• [WORK INSTRUCTION]
The listing below contains a span that opens with the line containing "Solid Crop T- shirt" and closes with the line containing "Dick Wells and". Return that span exactly.

• [INFORMATION SUPPLIED]
+===+
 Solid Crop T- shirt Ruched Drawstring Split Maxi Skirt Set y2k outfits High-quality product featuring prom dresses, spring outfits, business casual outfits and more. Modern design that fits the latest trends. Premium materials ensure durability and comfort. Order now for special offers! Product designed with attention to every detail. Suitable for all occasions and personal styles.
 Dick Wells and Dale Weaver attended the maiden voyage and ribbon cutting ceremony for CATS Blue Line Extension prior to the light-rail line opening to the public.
+===+
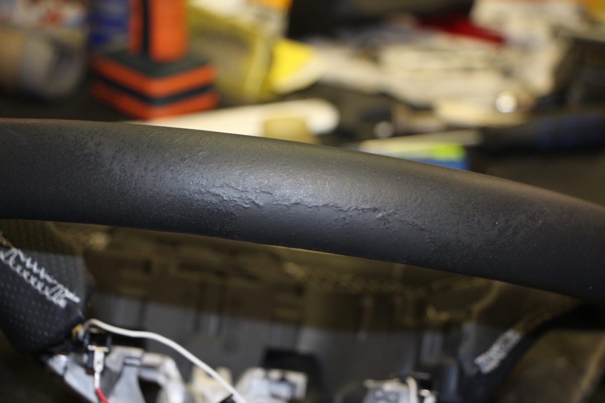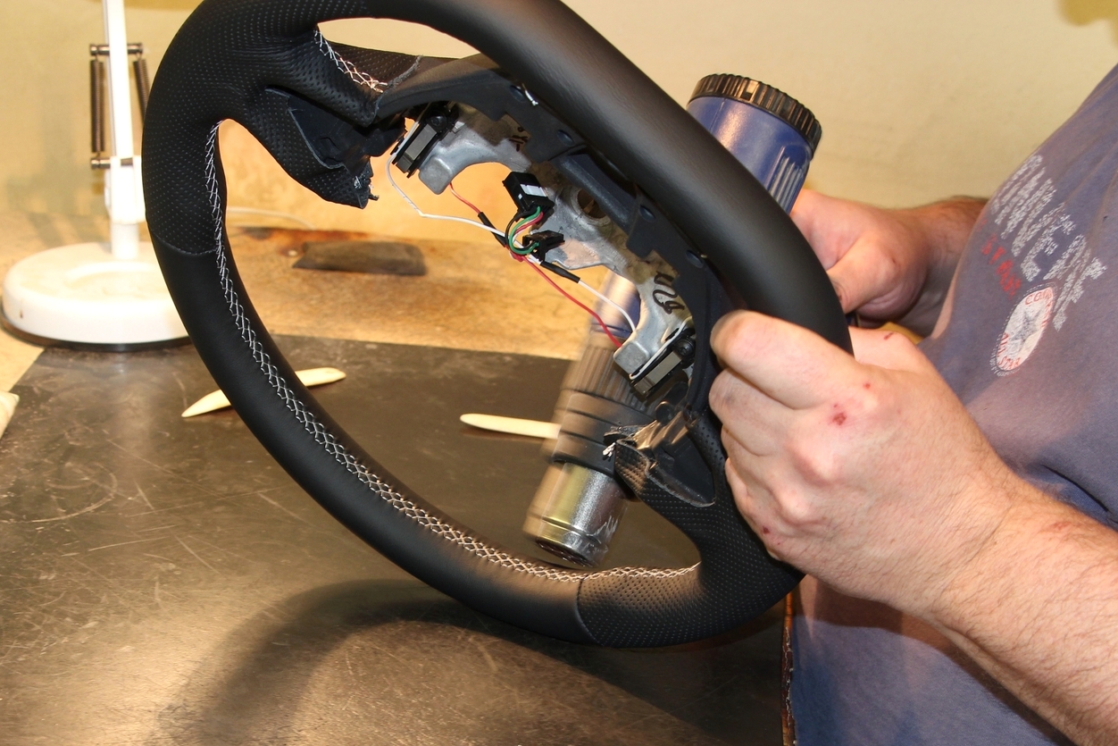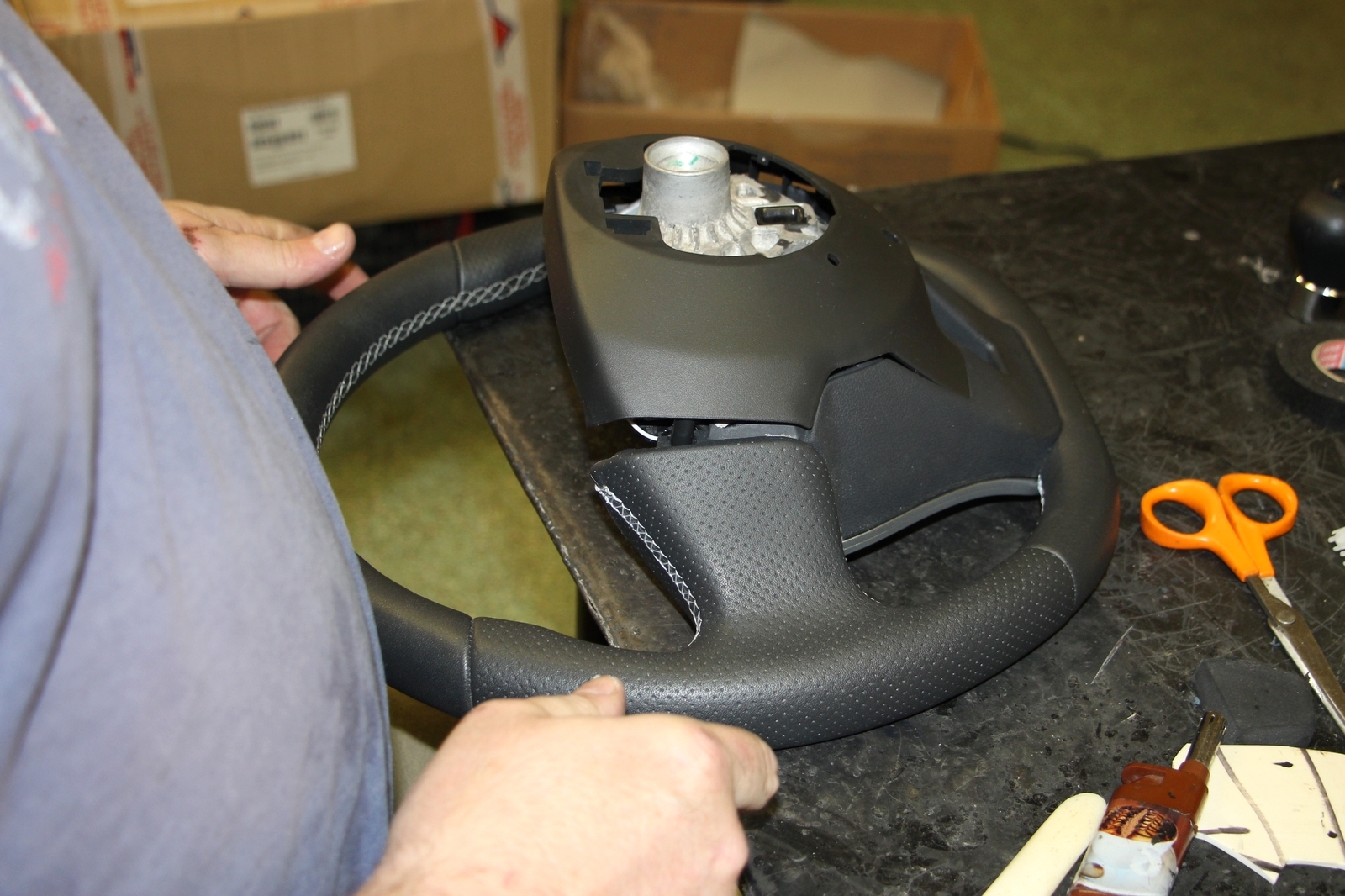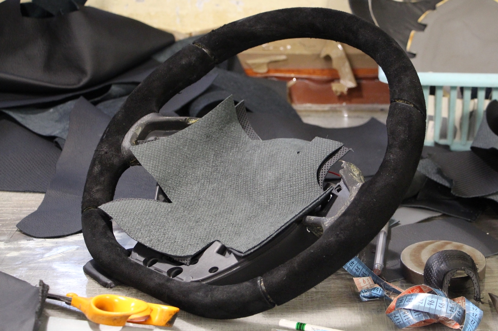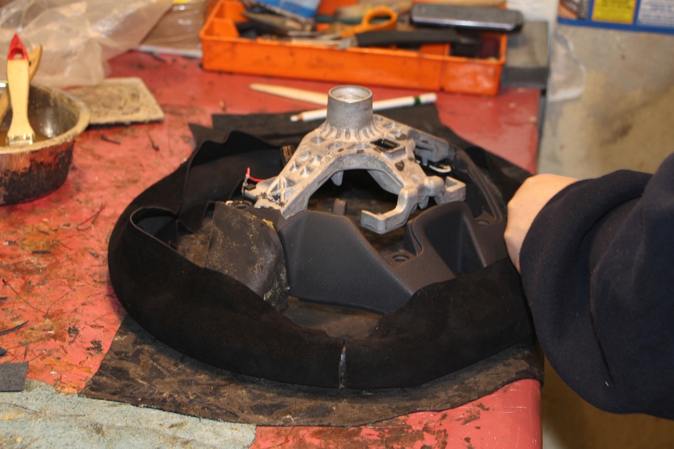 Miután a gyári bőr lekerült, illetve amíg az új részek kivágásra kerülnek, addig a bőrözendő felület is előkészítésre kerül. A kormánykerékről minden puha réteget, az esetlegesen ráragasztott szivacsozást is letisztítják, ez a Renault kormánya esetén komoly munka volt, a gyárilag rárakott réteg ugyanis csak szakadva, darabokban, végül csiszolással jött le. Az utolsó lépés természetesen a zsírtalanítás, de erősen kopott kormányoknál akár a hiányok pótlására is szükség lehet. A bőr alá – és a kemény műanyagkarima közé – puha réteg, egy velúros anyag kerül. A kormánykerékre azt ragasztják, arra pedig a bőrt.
+===+
• [TASK OUTPUT]
 Solid Crop T- shirt Ruched Drawstring Split Maxi Skirt Set y2k outfits High-quality product featuring prom dresses, spring outfits, business casual outfits and more. Modern design that fits the latest trends. Premium materials ensure durability and comfort. Order now for special offers! Product designed with attention to every detail. Suitable for all occasions and personal styles.
 Dick Wells and Dale Weaver attended the maiden voyage and ribbon cutting ceremony for CATS Blue Line Extension prior to the light-rail line opening to the public.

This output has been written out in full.